I wasn't sure what he meant: news of his canceled show? His arrest? The arraignment this morning? "I saw the news last night," I said. "Not today though."
He gave a snort, a sort of man-of-the-world, seen-it-all snort. I got the feeling this was a performance, too, another part he was playing: the Man of the World Who Has Seen It All.
"The news," he said. "The media! It's like Alice in Wonderland -only without the Wonderland. They have this-story they want to tell. This nonsense story. 'Angry TV Star Goes Nuts.' That's the story and if you challenge that-if you're brave enough, if you're -sane enough-to challenge that-then-oh, then they go at you. Tooth and nail. Hammer and tongs. Off with his head. You must be a drunk, a madman, a…" He waved one pudgy hand about dramatically, as if to conjure the word he was looking for out of the air. And he did: "A has-been." He lifted his shot glass to his lips, and added before he drank, "Which is rich, coming from a bunch of never-weres."
Then he did drink. He downed the shot whole and followed it with a knock at his beer.

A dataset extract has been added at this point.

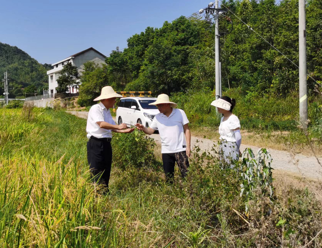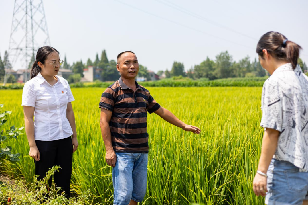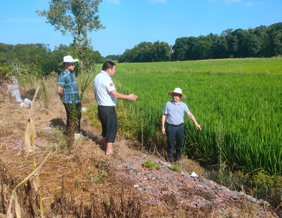 南县各乡镇纪委靠前监督,督促职能部门做好抗旱保供水,积极组织动员群众开展生产自救。图为该县中鱼口镇纪委工作人员到同湖村查看水稻生长情况,向粮农了解供水措施是否落实。(南县纪委监委 杨子江 摄)

I could only watch him, bemused. This was not what I'd expected. He didn't seem to care about the note I'd given to his lawyer. He didn't question me about it or try to find out more about me or what I wanted. He didn't seem interested in that at all. He didn't even seem interested in himself, in his situation. I mean, after the night he'd had-and the morning he'd had-I would've thought he'd want to at least try to appear sober in public. But no. He just showed himself as he was: a bitter and blasted man, a sort of Ancient Mariner with nothing left of life but the story he had to tell. And yet… and yet, even as I thought that, I thought: That little speech he'd just made, the laconic drama of it, the staccato syncopation-tooth and nail, hammer and tongs, off with his head. It was classic Patrick Piersall stuff, wasn't it? It could have been written for him. It could've been written for Augustus Kane. Was it possible that this, too, was a role he was playing: The Bitter, Blasted Man Who Had Yet a Story to Tell?